The sad outcome could have been prevented if Dad had updated his will to reflect his new circumstances. He also could have taken the proceeds from the house and business out of his estate by placing them in a trust for his sons.
5. Disinheritance by misunderstanding survivorship
Fewer assets are passing through probate today because of the increased use of various forms of survivorship, such as transfer upon death and pay on death instruments. It becomes particularly tricky when we are trying to treat children equitably.
Here's an example of an unintended snafu: Let's say a farmer had two sons and early on decided to disinherit the wastrel one. Years pass, during which the father established pay on death and survivorship deeds in the good son's name. Then the prodigal son returns to the bosom of the family. The father rewrites his will leaving equal shares of his estate to each son. But upon his death, the shares won't be equal, as the survivorship instruments will dump a disproportionate, unintended inheritance into the good son's lap. That's because a will does not supercede survivorship, transfer upon death and pay-on-death instruments.

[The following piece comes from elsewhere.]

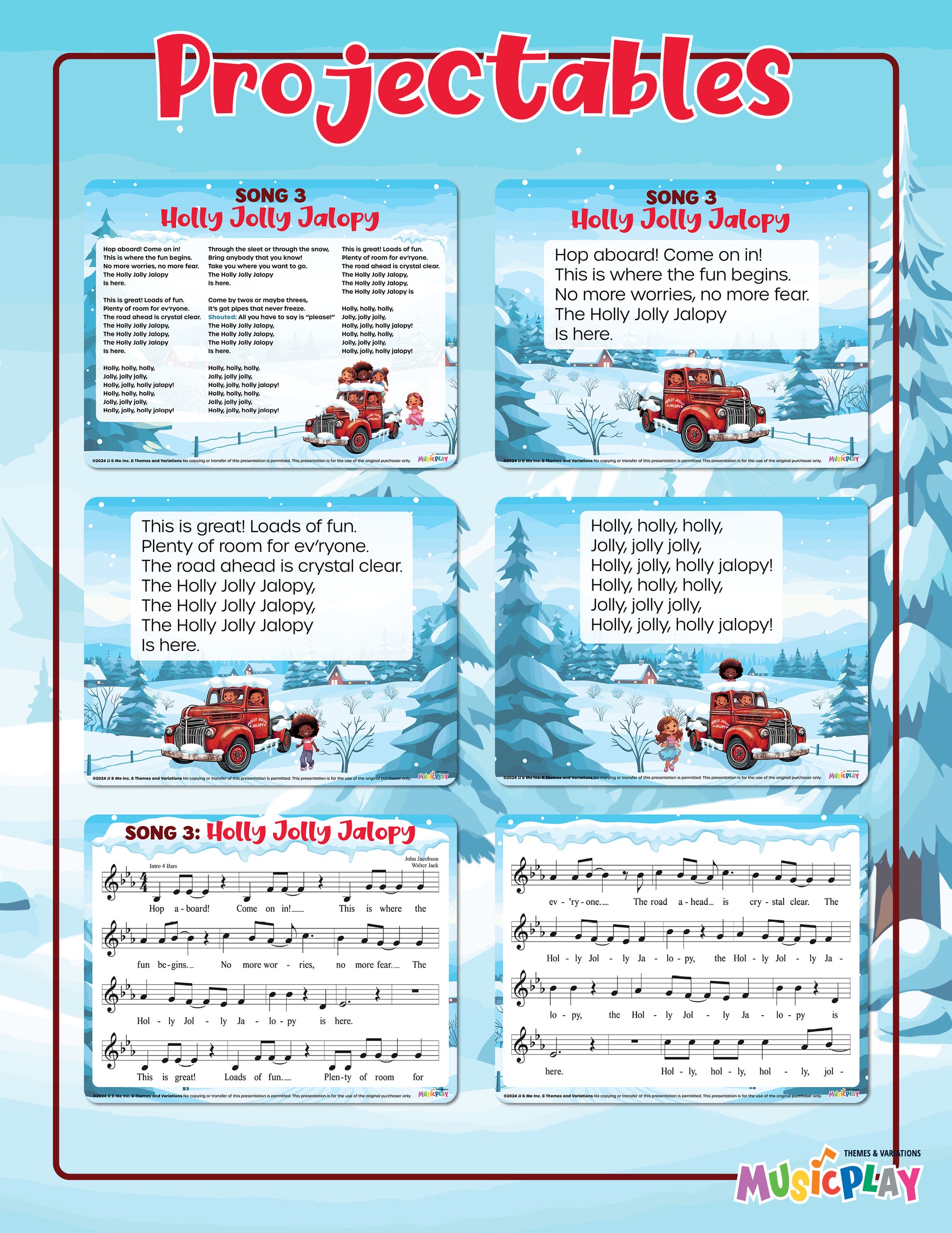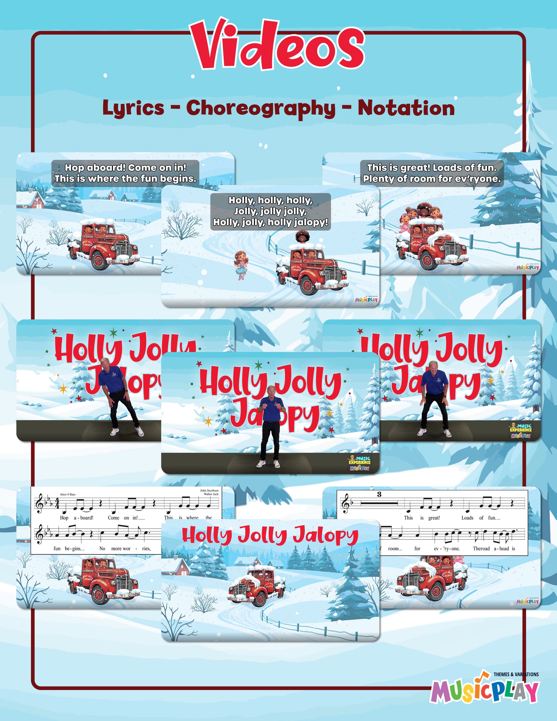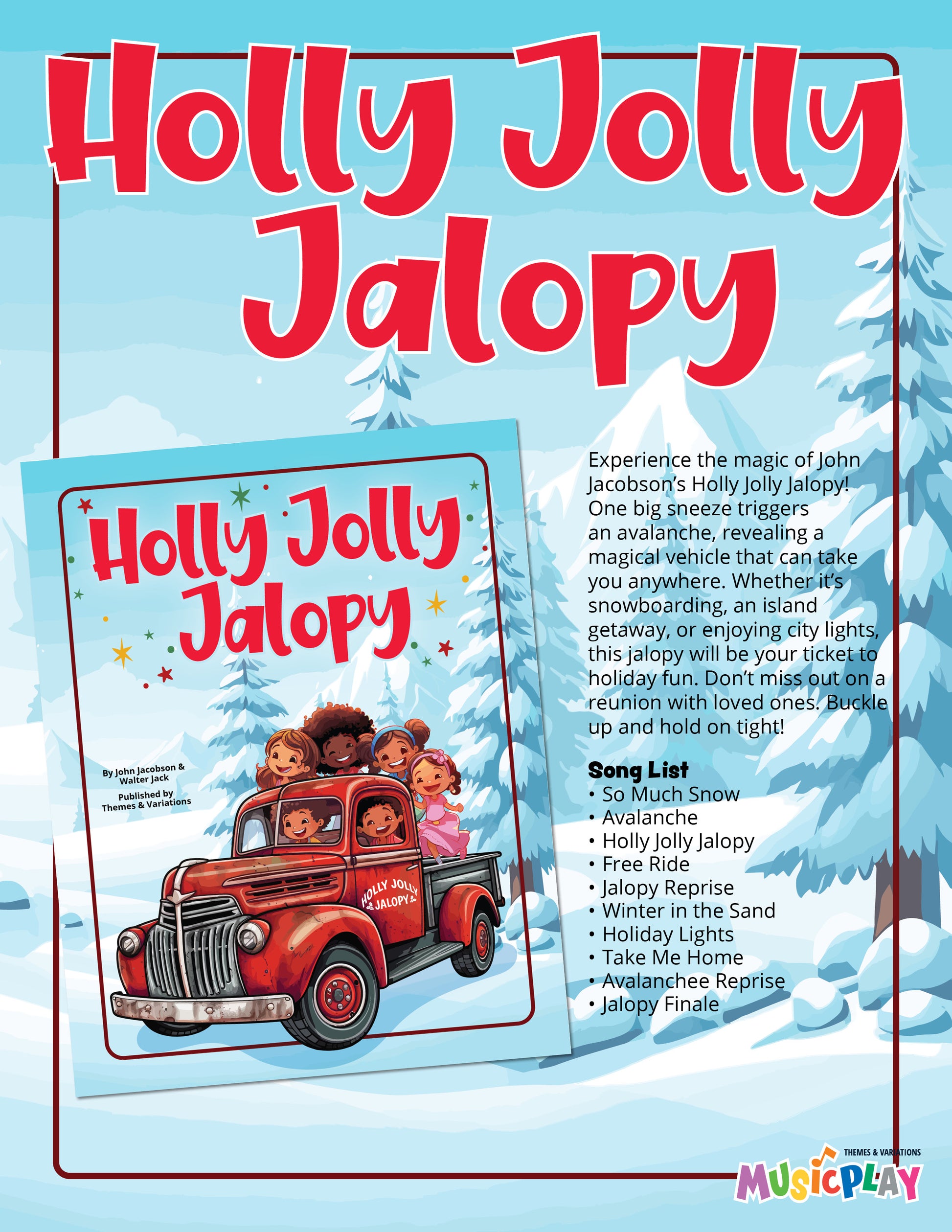 Experience the magic of John Jacobson's Holly Jolly Jalopy! One big sneeze triggers an avalanche, revealing a magical vehicle that can take you anywhere. Whether it's snowboarding, an island getaway, or enjoying city lights, this jalopy will be your ticket to holiday fun. Don't miss out on a reunion with loved ones. Buckle up and hold on tight!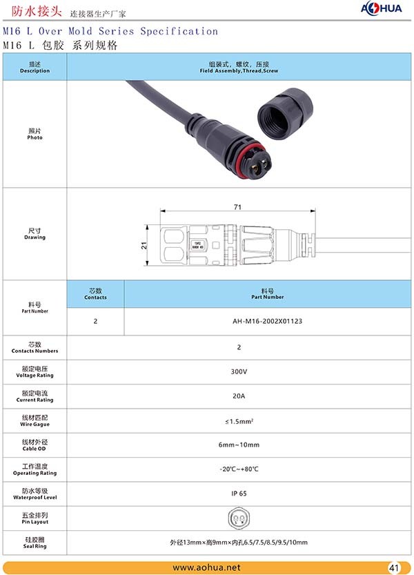 AHUA澳華公司專(zhuān)業(yè)生產(chǎn)LED防水插頭連接器、路燈模組分線盒、工控防水公母接頭、光伏航空插頭、新能源防水電源連接線、植物生長(zhǎng)燈連接線、畜牧養(yǎng)殖連接線、汽車(chē)線束。工廠自有模具制造、電線電纜押出、大型注塑、五金制造,雙生產(chǎn)基地,可來(lái)圖來(lái)樣個(gè)性化定制,國(guó)家高新技術(shù)規(guī)模企業(yè)!

"One of the biggest forms of accidental disinheritance today is the split of assets between wills and trusts and survivorship forms," says Adams. "When they want to make a change later on, the will can't touch those assets because they put them in survivorships. Now it's a slippery slope to categorize those things."
6. Disinheritance by mirror-image wills
Sometimes when married people prepare their wills, the attorney will draft one and simply generate a mirror image in the other spouse's name. It's logical when they both want the same thing to happen after they're gone. But trouble can arise when one spouse dies and the other does not update their will.